I am trying to join dataframe bar
to foo
based on a common column and then keep the original column order in foo
:
> head(foo)
city course1
1 Aalborg JEMES
2 Aarhus EM-SANF
3 Aix-en-Provence EMLE
4 Almaty IMRCEES
5 Alnarp SUFONAMA
6 Amsterdam ATOSIM
> colnames(foo)
[1] "city" "course1"
> head(bar)
code website
1 4CITIES http://www.4cities.eu/
2 ACES http://www.sams.ac.uk/aces-erasmus
3 ADVANCES http://www.socialworkadvances.org/
4 AMASE http://www.amase-master.net/
5 ARCHMAT http://www.erasmusmundus-archmat.uevora.pt/
6 ASC
http://www.master-asc.org/
> colnames(bar)
[1] "code" "website"
The join column is course
in foo
and code
in bar
. I have used the following formula:
test <- merge(x = foo, y = bar, by.x = "course1", by.y = "code", all.x=TRUE)[, union(names(foo), names(bar))]

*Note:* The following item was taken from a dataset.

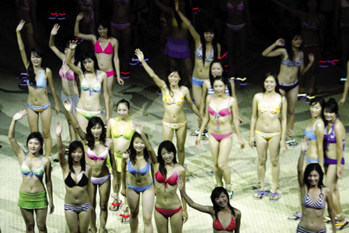 由張藝謀、王潮歌和樊躍“鐵三角”共同執(zhí)導(dǎo)的大型實(shí)景演出———《印象·海南島》,昨晚在海口市印象劇場(chǎng)首次公演。這是自《印象·劉三姐》、《印象·麗江》“雪山篇”和《印象·西湖》之后的第四個(gè)印象系列作品,也是張藝謀繼北京奧運(yùn)會(huì)和殘奧會(huì)之后推出的首部作品。因?yàn)檠莩鲋杏猩习倜琅展庠〉膱?chǎng)景,有人戲稱:“這是張藝謀在為之前出了‘海灘曬肉’事件的章子怡辯護(hù)!

This fails and produces the following error message:
Error in `[.data.frame`(merge(x = foo, y = bar, by.x = "course1", by.y = "code", :
undefined columns selected
I have found this solution here but it is not working, even though none of the column names are duplicated. What could be the problem?
A simple join works (without reordering) but brings the join column to the front:
> head(test)
course1 city website
1 JEMES Aalborg http://www.jemes-cisu.eu/
2 JEMES Aveiro http://www.jemes-cisu.eu/
3 JEMES Hamburg http://www.jemes-cisu.eu/
4 EM-SANF Aarhus http://www.emsanf.eu/UK/
5 EM-SANF Wageningen http://www.emsanf.eu/UK/
6 EM-SANF Debrecen http://www.emsanf.eu/UK/
I have tried adding sort = F
and removing all.x = TRUE
, but this does not work. The problem is that my actual dataframes have many more columns and will be going through multiple joins so I would like to preserve column order in all in one function. Is there a known effective workaround or a package that preserves column order in joins?
> names(test)
[1] "course1" "city" "website"
> names(foo)
[1] "city" "course1"
> names(bar)
[1] "code" "website"